**Required action:**
Set down, exactly and only, everything from the line containing "58. 1862. 4- cuartos" down to the line containing "55. ROMA. Pio" in the data below; the pictures are not part of the copy.

**Input for this task:**

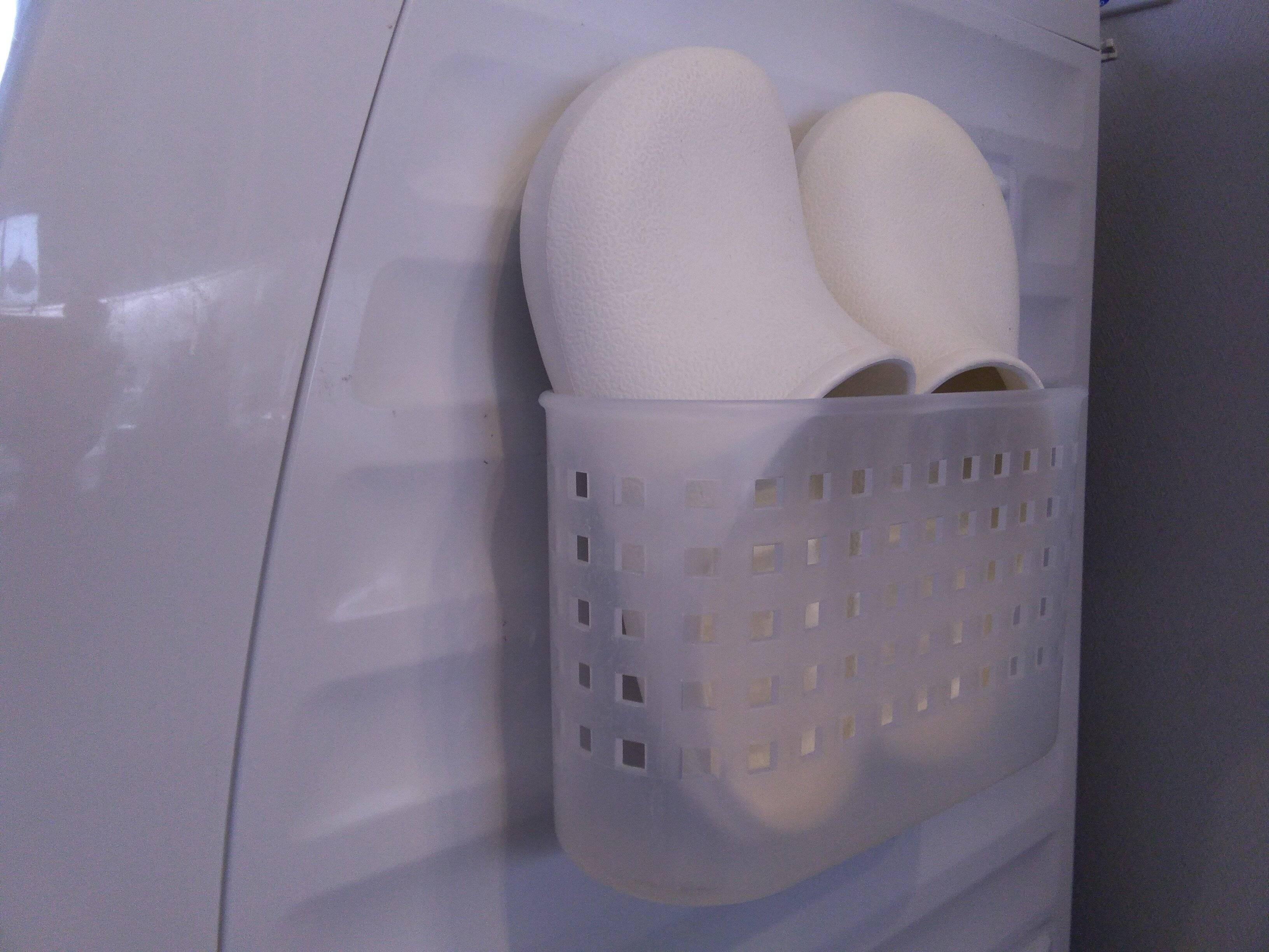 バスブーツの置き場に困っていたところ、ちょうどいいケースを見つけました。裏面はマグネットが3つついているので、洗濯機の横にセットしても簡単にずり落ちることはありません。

==

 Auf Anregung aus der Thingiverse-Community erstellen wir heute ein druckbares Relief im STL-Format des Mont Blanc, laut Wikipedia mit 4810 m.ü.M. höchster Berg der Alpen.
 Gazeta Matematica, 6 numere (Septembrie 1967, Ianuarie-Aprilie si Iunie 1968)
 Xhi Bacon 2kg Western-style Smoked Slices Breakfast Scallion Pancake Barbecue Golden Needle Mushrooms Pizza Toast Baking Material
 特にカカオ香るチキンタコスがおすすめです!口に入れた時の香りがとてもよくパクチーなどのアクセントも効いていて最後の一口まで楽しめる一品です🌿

...

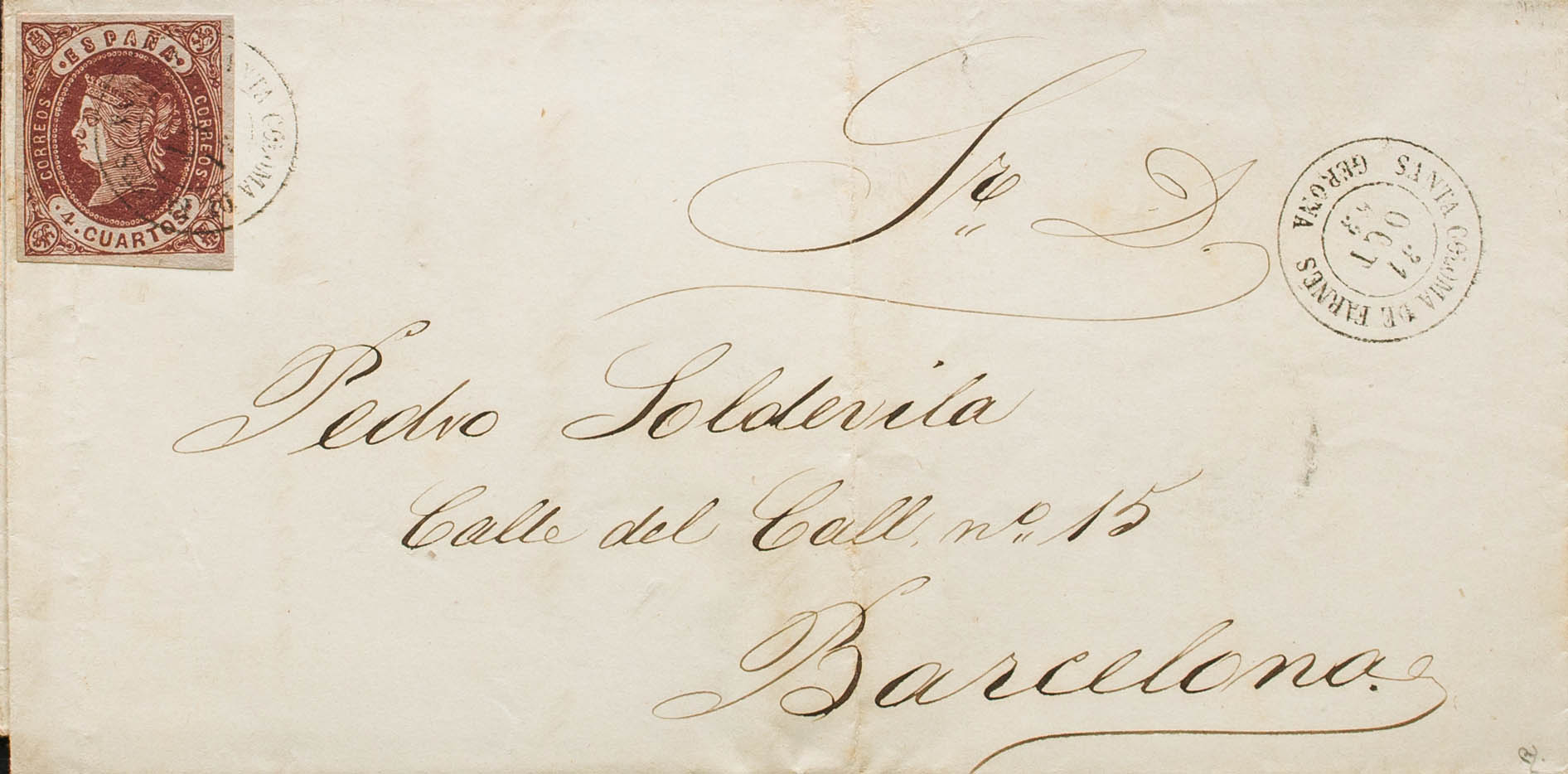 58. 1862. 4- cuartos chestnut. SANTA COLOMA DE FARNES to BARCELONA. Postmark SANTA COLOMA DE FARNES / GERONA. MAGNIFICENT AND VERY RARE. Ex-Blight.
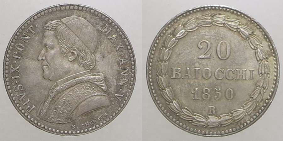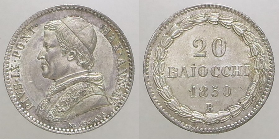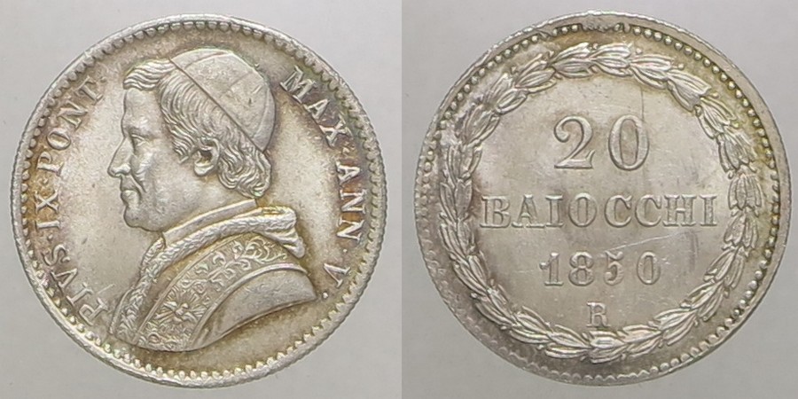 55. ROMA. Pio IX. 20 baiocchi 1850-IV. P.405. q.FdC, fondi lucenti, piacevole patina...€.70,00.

**Result of the task:**
 58. 1862. 4- cuartos chestnut. SANTA COLOMA DE FARNES to BARCELONA. Postmark SANTA COLOMA DE FARNES / GERONA. MAGNIFICENT AND VERY RARE. Ex-Blight.
 55. ROMA. Pio IX. 20 baiocchi 1850-IV. P.405. q.FdC, fondi lucenti, piacevole patina...€.70,00.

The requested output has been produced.